Source_Lat Source_Long Dest_Lat Dest_Long
0 13.067272 77.45035 13.00525 77.68542
1 13.005042 77.68509 13.06627 77.45211
2 13.065925 77.45269 13.00498 77.68497
3 13.005247 77.68542 13.06661 77.45152

###### GroundTruth.csv:

The file contains one column TT, i.e. the actual travel time between a source-destination pair. The value in the i-th row corresponds to the travel time between i-th source-destination pair in Input.csv.

For better understanding, following is the format of a typical ground truth file:

TT
0 1.99
1 6.21
2 7.34
3 5.20

You can use the ground truth from the dataset to check if your code is working well.

##### Output (Estimated Travel Time)

Your output will be the estimated travel time (ETT), in minutes, between a given source-destination pair. For each source-destination pair, you should fill this value in the ETT column of a pandas dataframe, as illustrated below:

Source_Lat Source_Long Dest_Lat Dest_Long ETT
0 13.067272 77.45035 13.00525 77.68542 2.34
1 13.005042 77.68509 13.06627 77.45211 5.51
2 13.065925 77.45269 13.00498 77.68497 3.72
3 13.005247 77.68542 13.06661 77.45152 5.13

##### Submission
• Team size: At most two individuals.
• Programming language: Python (3.5 and beyond)
• Packages: The participants can use the commonly available Python packages like pandas, geopandas, numpy, scikit-learn, pyarrow, matplotlib, scipy, math, string, random, datetime, etc. In case the submissions use different packages, we reserve the right to not consider and evaluate them for the Hackathon.
• Step 2: Create a GitHub repository as per the folder structure illustrated in the example below (see image):

where, for the purpose of illustration, srika_DS_456AB is the GitHub repository, and data contains the dataset files.

(We will provide the repository name to each participating individual or team.)

We require the participants to keep their respective repositories private for the duration of the hackathon.

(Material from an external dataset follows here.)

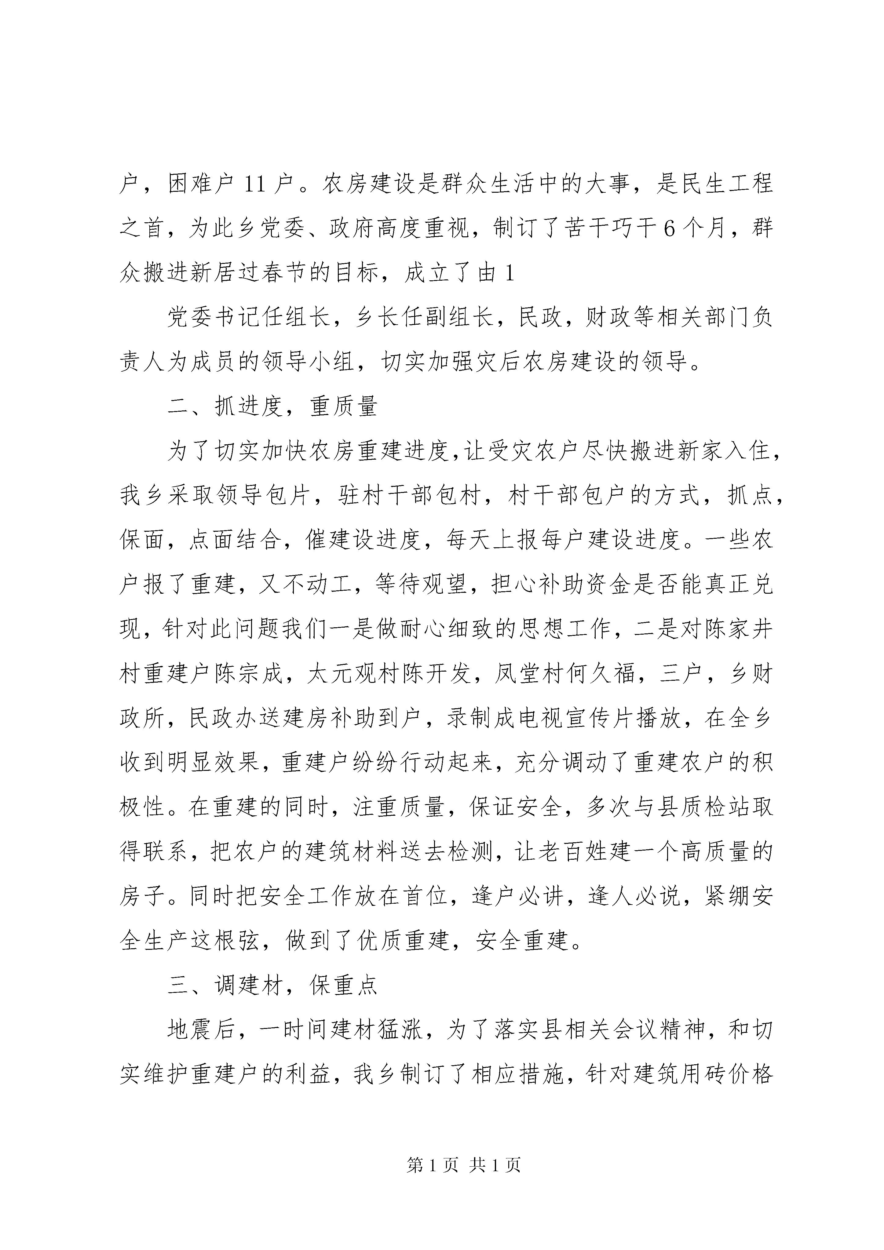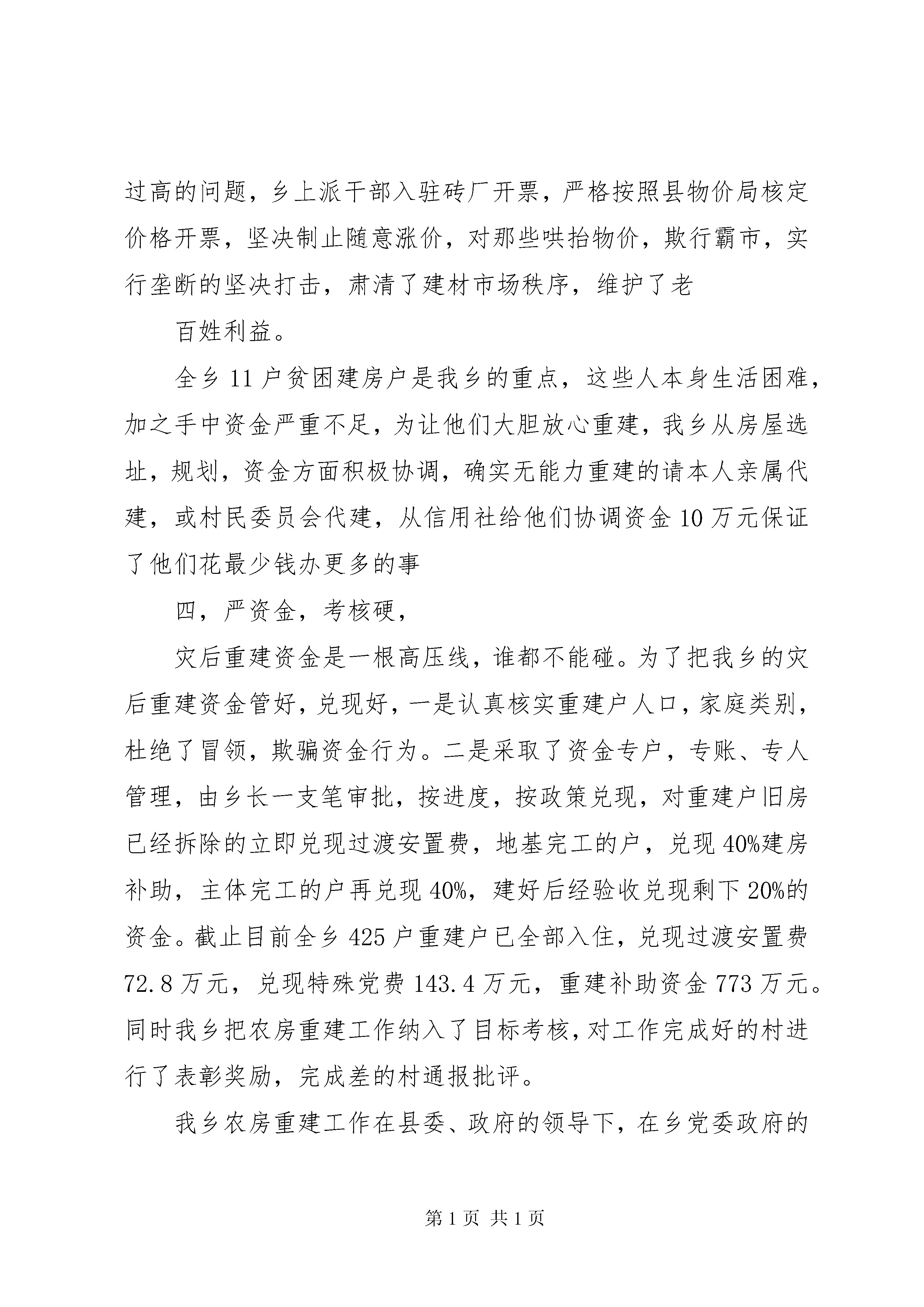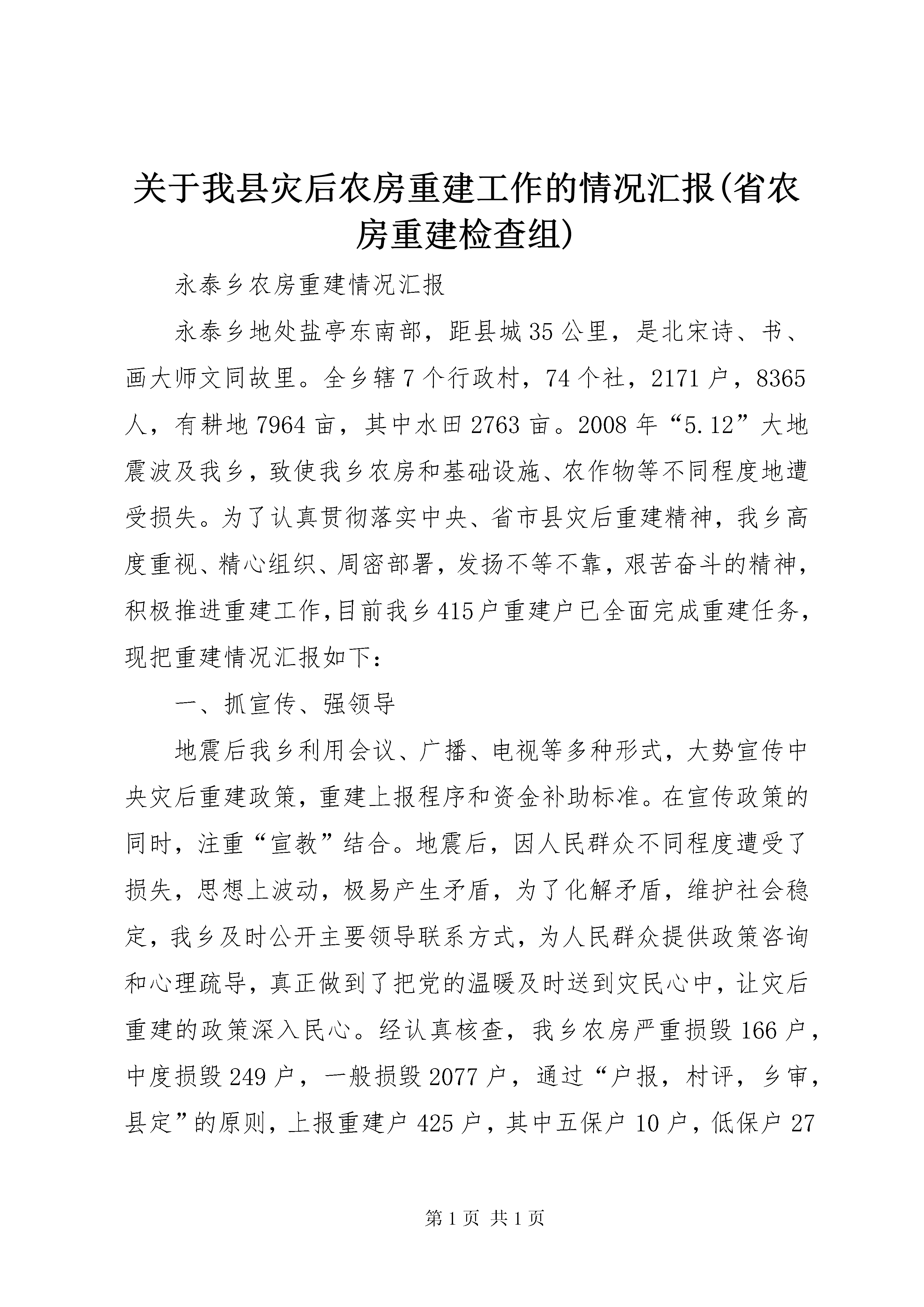 关于我县灾后农房重建工作的情况汇报(省农房重建检查组)永泰乡农房重建情况汇报永泰乡地处盐亭东南部,距县城35公里,是北宋诗、书、画大师文同故里。全乡辖7个行政村,74个社,2171户,8365人,有耕地7964亩,其中水田2763亩。2008年“5.12”大地震波及我乡,致使我乡农房和基础设施、农作物等不同程度地遭受损失。为了认真贯彻落实中央、省市县灾后重建精神,我乡高度重视、精心组织、周密部署,发扬不等不靠,艰苦奋斗的精神,积极推进重建工作,目前我乡415户重建户已全面完成重建任务,现把重建情况汇报如下:一、抓宣传、强领导地震后我乡利用会议、广播、电视等多种形式,大势宣传中央灾后重建政策,重建上报程序和资金补助标准。在宣传政策的同时,注重“宣教”结合。地震后,因人民群众不同程度遭受了损失,思想上波动,极易产生矛盾,为了化解矛盾,维护社会稳定,我乡及时公开主要领导联系方式,为人民群众提供政策咨询和心理疏导,真正做到了把党的温暖及时送到灾民心中,让灾后重建的政策深入民心。经认真核查,我乡农房严重损毁166户,中度损毁249户,一般损毁2077户,通过“户报,村评,乡审,县定”的原则,上报重建户425户,其中五保户10户,低保户27户,困难户11户。农房建设是群众生活中的大事,是民生工程之首,为此乡党委、政府高度重视,制订了苦干巧干6个月,群众搬进新居过春节的目标,成立了由1党委书记任组长,乡长任副组长,民政,财政等相关部门负责人为成员的领导小组,切实加强灾后农房建设的领导。二、抓进度,重质量为了切实加快农房重建进度,让受灾农户尽快搬进新家入住,我乡采取领导包片,驻村干部包村,村干部包户的方式,抓点,保面,点面结合,催建设进度,每天上报每户建设进度。一些农户报了重建,又不动工,等待观望,担心补助资金是否能真正兑现,针对此问题我们一是做耐心细致的思想工作,二是对陈家井村重建户陈宗成,太元观村陈开发,凤堂村何久福,三户,乡财政所,民政办送建房补助到户,录制成电视宣传片播放,在全乡收到明显效果,重建户纷纷行动起来,充分调动了重建农户的积极性。在重建的同时,注重质量,保证安全,多次与县质检站取得联系,把农户的建筑材料送去检测,让老百姓建一个高质量的房子。同时把安全工作放在首位,逢户必讲,逢人必说,紧绷安全生产这根弦,做到了优质重建,安全重建。三、调建材,保重点地震后,一时间建材猛涨,为了落实县相关会议精神,和切实维护重建户的利益,我乡制订了相应措施,针对建筑用砖价格过高的问题,乡上派干部入驻砖厂开票,严格按照县物价局核定价格开票,坚决制止随意涨价,对那些哄抬物价,欺行霸市,实行垄断的坚决打击,肃清了建材市场秩序,维护了老百姓利益。全乡11户贫困建房户是我乡的重点,这些人本身生活困难,加之手中资金严重不足,为让他们大胆放心重建,我乡从房屋选址,规划,资金方面积极协调,确实无能力重建的请本人亲属代建,或村民委员会代建,从信用社给他们协调资金10万元保证了他们花最少钱办更多的事四,严资金,考核硬,灾后重建资金是一根高压线,谁都不能碰。为了把我乡的灾后重建资金管好,兑现好,一是认真核实重建户人口,家庭类别,杜绝了冒领,欺骗资金行为。二是采取了资金专户,专账、专人管理,由乡长一支笔审批,按进度,按政策兑现,对重建户旧房已经拆除的立即兑现过渡安置费,地基完工的户,兑现40%建房补助,主体完工的户再兑现40%,建好后经验收兑现剩下20%的资金。截止目前全乡425户重建户已全部入住,兑现过渡安置费72.8万元,兑现特殊党费143.4万元,重建补助资金773万元。同时我乡把农房重建工作纳入了目标考核,对工作完成好的村进行了表彰奖励,完成差的村通报批评。我乡农房重建工作在县委、政府的领导下,在乡党委政府的高度重视下,圆满完成了工作任务。全乡无一事资金违规行为,无一例因资金上访事件,受到群众好评,实现灾后重建一年完成的目标,给力我乡经济社会又好又快发展。

• Step 3: Build EstimatedTravelTime() within Predict.py:
Ensure that the following holds (refer to the above example for the folder structure):
• data folder contains the data file (BMTC.parquet.gzip), the input file (Input.csv), and the ground truth file (GroundTruth.csv). We are providing all these files. These files remain unchanged while a team works on the problem.
• The GitHub repository (srika_DS_456AB folder, in the above example) contains the following:
1. Python code: Name the Python code file as Predict.py and build the function EstimatedTravelTime() that predicts the travel time between source-destination pairs.
Use relative paths as per the Predict.py template given below:
2. Instruction file: If there are any special instructions that are required for us to run your code, please add them in an Instructions.txt file.
• Step 4 (Before the hackathon deadline gets over): Add cnihackathon22 as a collaborator to your GitHub repository, and grant the Read access.

##### Evaluation criteria
• The teams should build models to estimate the travel time between a source and destination, and code should work beyond the provided inputs. The model should try to minimize the mean absolute difference between the actual and predicted values ($$L1$$ error).
• We will fetch the last GitHub commit done before the submision deadline and evaluate it.
• We will have our own test input files against which the submissions will be evaluated.
• The Jury: We will shortlist 5-6 best performing teams and ask them to present and explain their submissions before a jury.